**Given records**:
──────────────────────────────

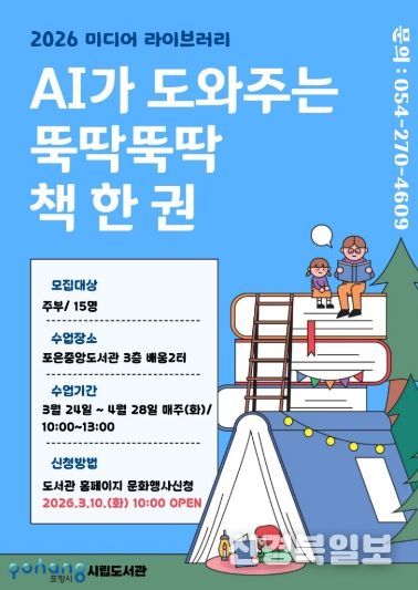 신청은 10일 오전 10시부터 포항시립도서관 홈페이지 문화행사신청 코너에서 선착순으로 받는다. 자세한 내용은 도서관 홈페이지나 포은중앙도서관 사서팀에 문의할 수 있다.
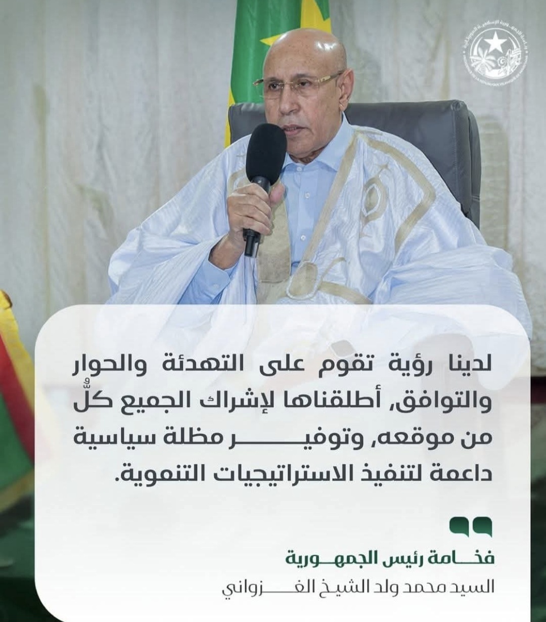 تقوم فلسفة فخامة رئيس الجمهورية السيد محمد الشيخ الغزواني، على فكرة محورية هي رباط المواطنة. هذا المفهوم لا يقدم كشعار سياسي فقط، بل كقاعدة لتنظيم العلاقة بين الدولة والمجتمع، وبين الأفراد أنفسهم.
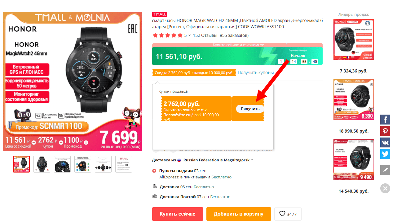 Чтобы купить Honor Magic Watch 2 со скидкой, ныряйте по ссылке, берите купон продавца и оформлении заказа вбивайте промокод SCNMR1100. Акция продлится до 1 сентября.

──────────────────────────────

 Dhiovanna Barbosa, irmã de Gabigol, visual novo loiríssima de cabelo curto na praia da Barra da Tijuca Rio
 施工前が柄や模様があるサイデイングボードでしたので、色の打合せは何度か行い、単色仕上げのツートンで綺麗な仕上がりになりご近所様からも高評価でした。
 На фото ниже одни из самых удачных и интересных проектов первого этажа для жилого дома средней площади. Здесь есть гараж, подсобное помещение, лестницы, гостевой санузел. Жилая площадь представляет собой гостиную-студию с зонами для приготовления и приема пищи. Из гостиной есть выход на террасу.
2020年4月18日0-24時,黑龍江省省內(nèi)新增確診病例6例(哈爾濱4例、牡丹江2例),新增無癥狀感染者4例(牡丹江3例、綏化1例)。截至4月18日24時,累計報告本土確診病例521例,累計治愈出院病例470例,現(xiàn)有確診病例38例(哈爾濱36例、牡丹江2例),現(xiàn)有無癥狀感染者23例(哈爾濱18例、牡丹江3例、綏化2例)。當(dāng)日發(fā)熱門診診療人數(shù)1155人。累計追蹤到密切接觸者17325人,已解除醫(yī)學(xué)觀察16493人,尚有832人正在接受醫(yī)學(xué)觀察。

──────────────────────────────

**Task to carry out**: Write out exactly the lines above between the one with "신청은 10일 오전 10시부터" and the one with "Чтобы купить Honor", inclusive, with pictures left out.

**Result of this exercise**:
 신청은 10일 오전 10시부터 포항시립도서관 홈페이지 문화행사신청 코너에서 선착순으로 받는다. 자세한 내용은 도서관 홈페이지나 포은중앙도서관 사서팀에 문의할 수 있다.
 تقوم فلسفة فخامة رئيس الجمهورية السيد محمد الشيخ الغزواني، على فكرة محورية هي رباط المواطنة. هذا المفهوم لا يقدم كشعار سياسي فقط، بل كقاعدة لتنظيم العلاقة بين الدولة والمجتمع، وبين الأفراد أنفسهم.
 Чтобы купить Honor Magic Watch 2 со скидкой, ныряйте по ссылке, берите купон продавца и оформлении заказа вбивайте промокод SCNMR1100. Акция продлится до 1 сентября.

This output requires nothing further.